Undeterred, I decided to take a more personal approach with a few phone calls, and went to Austin College in February 2008 for some meetings with administrators, and that’s where I met Coach Gage. I received permission to apply for the following fall. I also found an ally in Tim Millerick, the vice-president of student affairs and athletic director. He pushed my cause all the way through the NCAA. It looked like I was going back to school, with or without eligibility to play.

Denied but Determined

I took it on faith that I would be able to get on the team. Camp was scheduled to start on a Sunday. That Friday before I got a call from Austin College’s new assistant athletic director, David Norman, telling me my waiver had been denied. The NCAA wasn’t agreeing with my presentation of the facts; the denial had nothing to do with my age.

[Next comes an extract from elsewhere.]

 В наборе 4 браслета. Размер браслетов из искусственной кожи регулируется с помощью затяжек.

I told my wife Teresa about the rejection. She started to quiz me about the rejection. Was that it? Could the decision be appealed? Why don’t you just go back to school and see what happens? She wasn’t wrong. What could it hurt if I kept pushing a little and went back to school? There were appeals. There are always appeals, but I couldn’t take advantage of that if I wasn’t a student.

I kept moving forward and soon went to a football camp that I couldn’t participate in. Coach Gage’s solution to my unique problem was to make me a student coach. All that meant was I could dress up as a coach and stand on the sidelines during games. I would be a glorified fan on Saturdays. During practice, I carried an air horn.
Every five minutes I’d blow it for segment change. That doesn’t sound close to anything I wanted, but it was a step in the right direction. One of the requirements to letter at Austin College was two years of participation in a sport. Student coaching would count as a year of participation. I just had to hang on until the appeal come through.

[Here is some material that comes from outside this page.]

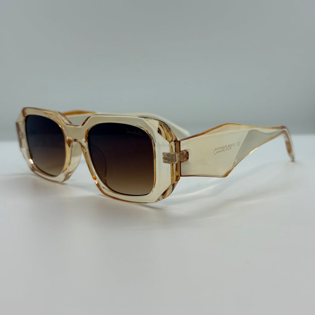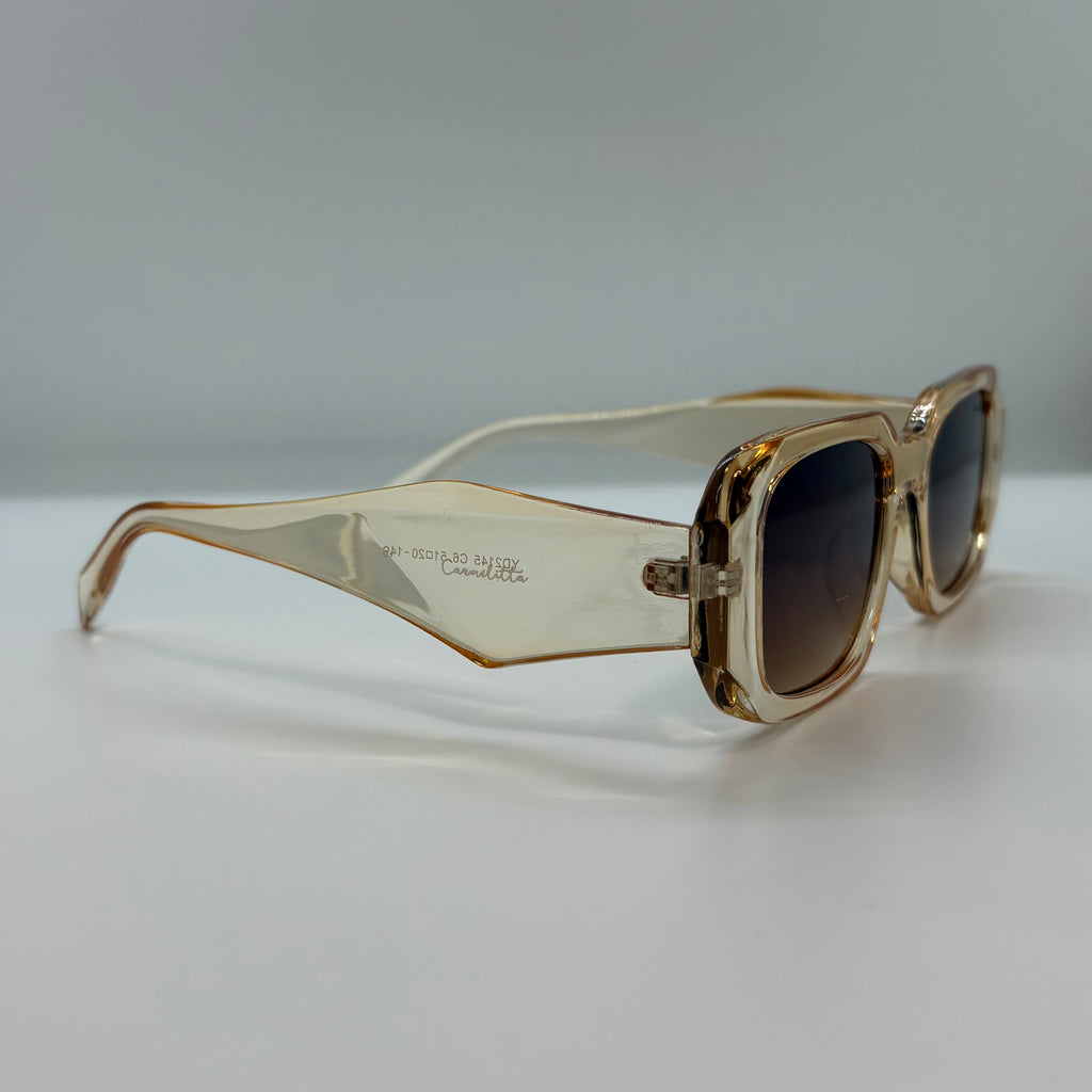 óculos bege translúcido com armação em acetato, e lente degradê marrom.

The clock marched on to September, and still there was no word from the NCAA. I drove back and forth to college every day. My son John Rawles was a toddler at the time, and Teresa was working a full-time job. We had no time together and I was tired. I had such angst and frustration over the whole situation. In one of my conversations with God one morning, I boldly said, “Look, Nolan Ryan does not have to ask you to help him do what he does. You’ve got to give me some hope and help me here. Because if I am not supposed to do this, I want to go home and be a husband and a father.”

After practice that very afternoon, I took a different path back to my car. I’m not sure what made me break from my routine, but I did. I kept hearing my name being called, but my hearing was starting not to be as good as it used to be, so I took another step. Then I thought, No, turn around. There was the athletic director. He had been calling after me and said, “I was looking for you. I spent the entire afternoon with the NCAA going over your situation.” Instantly my stomach pancaked to the sidewalk. I expected he wanted to give me the bad news in person, so I stood there silently as he continued. “I ended up reading the regulations line-by-line with the representative. We finished the last line and I said to the NCAA representative that it looks to me like this man has eligibility. Tom, the representative agreed.”

The only words that formed on my lips were, “Oh, my gosh.”

I almost didn’t hear the athletic director over the blood rushing through my ears. He continued, “There’s a catch. To fulfill the transfer clause, you have to participate for a year as an undergraduate. You’re going to transfer into a grad program, and that is how you do that.”

I can’t honestly tell you if I would have given up or not that day. I don’t think I would have, but I do know I could see God’s hand at every step of the way, and that’s what kept me going. He gave me the inspiration to start this process. He heard my prayer that day walking back to my car. He knew what my limits were, and exactly when to intervene.

How could anyone doubt there is a power in the Lord we call upon that is greater than our own? It’s there and is as necessary a component to a good and successful life as food or air. As necessary as football in Texas.